Короче, в том декабре мир опустел. А тут еще плюс ко всему я невольно сделалась хранительницей страшной тайны – про этого Седого. Представь мое состояние. И это начало сезона. И у меня новый партнер – Славик Грачев, отличный мастер, но мы катаемся вместе без году неделя. И наша пара – номер один в сборной, поскольку Машки уже нет, а все остальные либо отправились на заслуженный отдых, либо еще настолько желторотые, что за ними наблюдать смешно. И на нас, затаив дыхание, смотрит вся страна, весь мир. Прыгуны в высоту или штангисты в такой ситуации зачастую мировые рекорды устанавливают, потому что вся спортивная и не очень спортивная злость выплескивается у них в один чудовищной силы толчок или рывок. Но в нашем спорте одним рывком не отделаешься, надо катать три турнира и по две программы на каждом.

Что случилось в том сезоне – общеизвестно. Ты фигурным катанием интересовался, значит, помнишь этот полный провал, небывалый в истории.

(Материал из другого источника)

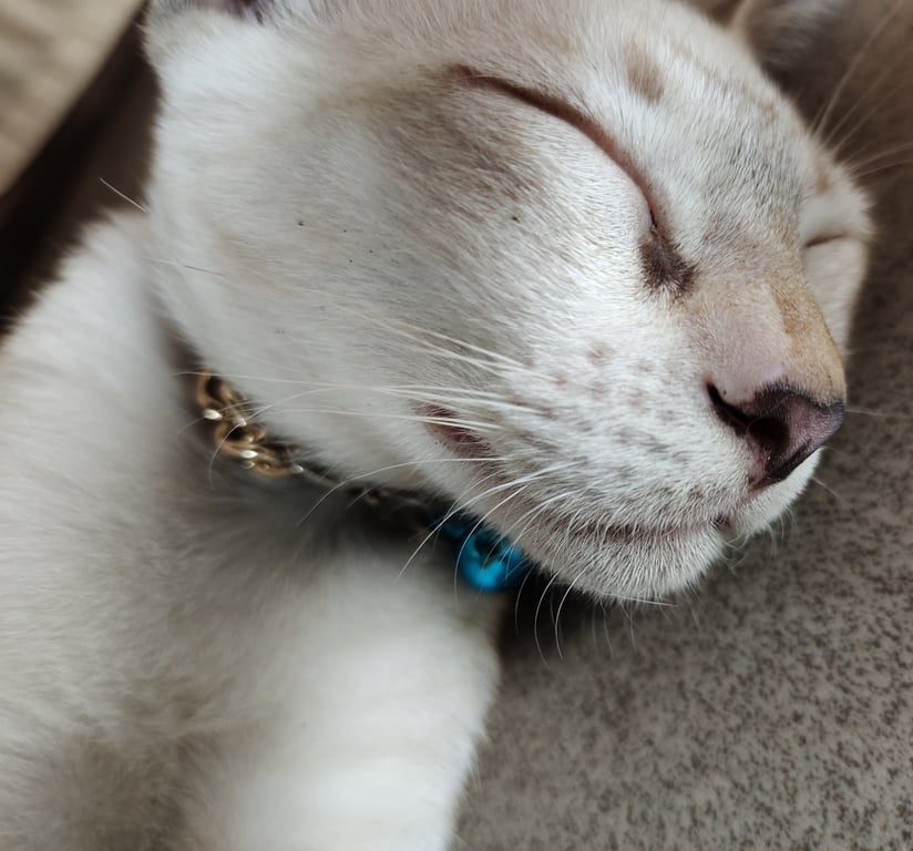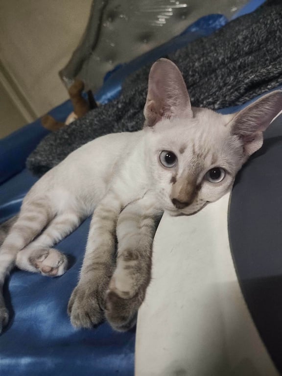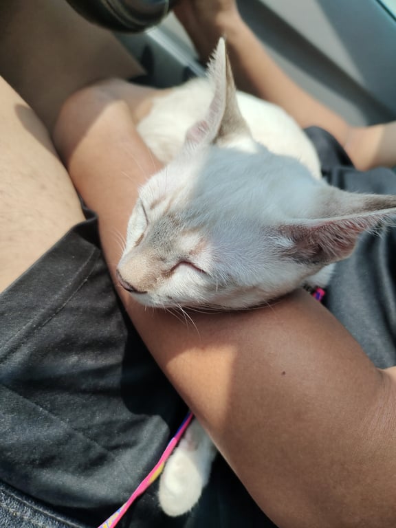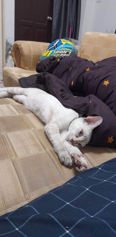 รอยตำหนิ: หางกุดสีดำ จมุกมีจุดสีดำอายุประมาณ4เดือนกว่า น้องสีขาวเทา หางกุดสีดำ จมูกสีดำมีจุดสีดำ มีปลอกคอสร้อยสีเงิน กระดิ่งสีฟ้า
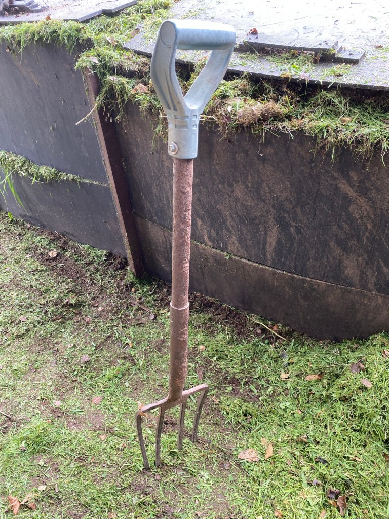 Here’s some more pictures of the Bushfix Fork. A monstrosity of a garden implement along with the compost bins it lives with.
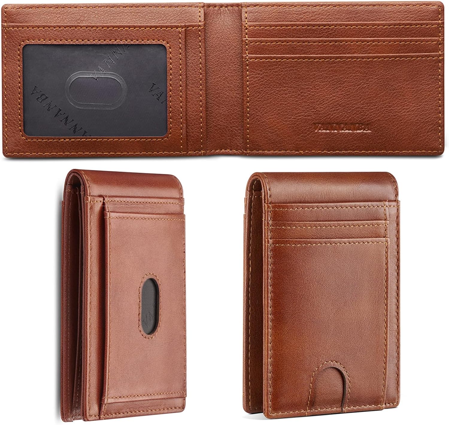 VANNANBA Slim Wallets for Men Leather 14 Card Slots + 1 ID Window, Mens Wallet RFID Blocking Front Pocket Bifold Wallet Thin Credit Card Holder with Gift Box
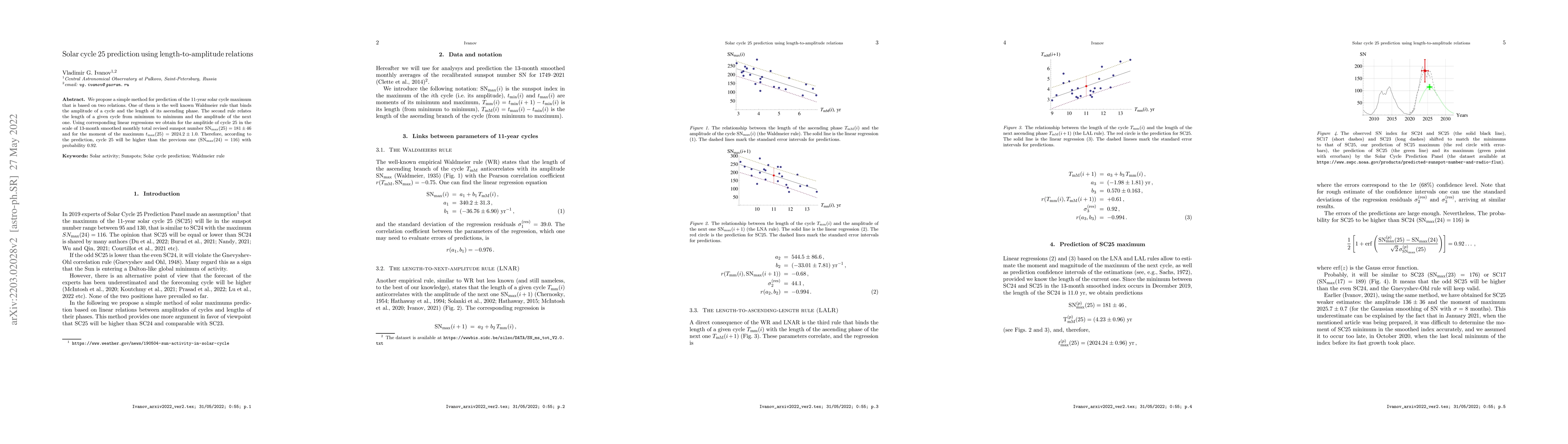 We propose a simple method for prediction of the 11-year solar cycle maximum that is based on two relations. One of them is well known Waldmeier's rule that binds the amplitude of a cycle and the length of its ascending phase. The second rule relates the length of a given cycle from minimum to minimum and the amplitude of the next one. Using corresponding linear regressions we obtain for the amplitide of cycle 25 in the scale of 13-month smoothed monthly total revised sunspot number ${\rm SN}_{\rm max}(25) = 181\pm46$ and for the moment of the maximum $T_{\rm max}(25) = 2024.2\pm1.0$. Therefore, according to the prediction, cycle 25 will be higher than the previous one (${\rm SN}_{\rm max}(24) = 116$) with probability 0.92.
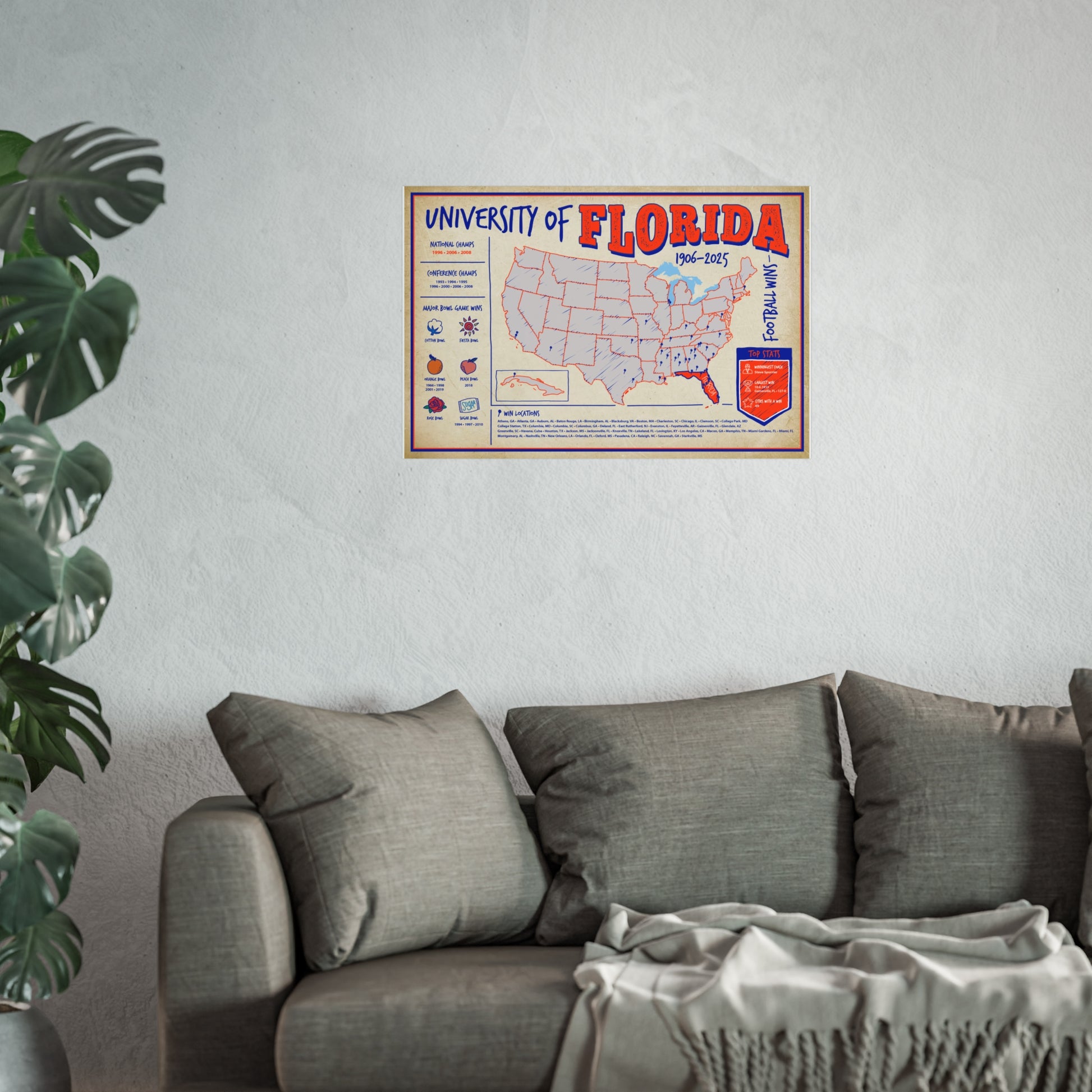 This map of Gator football dominance makes an unforgettable gift for holidays, birthdays, or graduation.
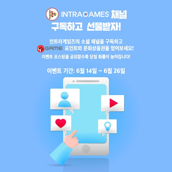 ... 이벤트 기간은 6월 14일부터 6월 26일까지이며, 인트라게임즈의 공식 트위터와 페이스북, 유튜브 채널을 구독한 후 양식에 맞게 인증하면 자동 응모된다. 이벤트는 1인 1회만 응모할 수 있다. 응모한 구독자들에게는 인트라게임즈의 ESD 사이트 ‘포게임
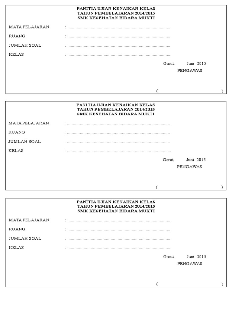 Cover Amplop Soal Ujian Sekolah Doc Bang Tarom

И вот середина марта. Мы возвращаемся с последнего и самого главного турнира, то бишь с чемпионата мира. И в ЦСКА нас встречает чуть ли не весь Генштаб в полном составе. Честное слово, никогда не видела столько генералов в одном месте. Раздувают дело невероятно. Изображают как жуткую провокацию всесоюзного масштаба. О чем только не говорят. Один даже держит пламенную речь о плохой охране наших спортсменов, нашего национального достояния. Это он про Машку, которую не уберегли накануне ответственных международных стартов, что сильно деморализовало сборную. Сволочь, думаю я, "национальное достояние, наша лучшая спортсменка, вторая Роднина", а может быть, сам и отдавал приказ убить ее. Глупость, конечно, но я их всех тогда ненавидела. И тут с темы личной охраны мастеров спорта они переходят на тему несоответствия занимаемым должностям. И, разумеется, в первую очередь сладострастно сдирают звезды с полковничьих погон Крайнова, припоминают ему давнее и тогда прикрытое дело о растлении малолетних, называют это официально грубым нарушением действующих методик тренировки, и, наконец, громогласно снимают его с должности главного тренера. Потом отчитывают всех остальных, достается даже Эмме Борисовне. Но ей уже наплевать, она готовится к длительной командировке в Австрию, о чем генералы от спорта еще не знают. Под очередной гремящий с трибуны хорошо поставленный командный голос я покидаю конференц-зал и думаю: "Господи, Машка, милая Машка, в каком же говне мы с тобой сидели все эти годы!"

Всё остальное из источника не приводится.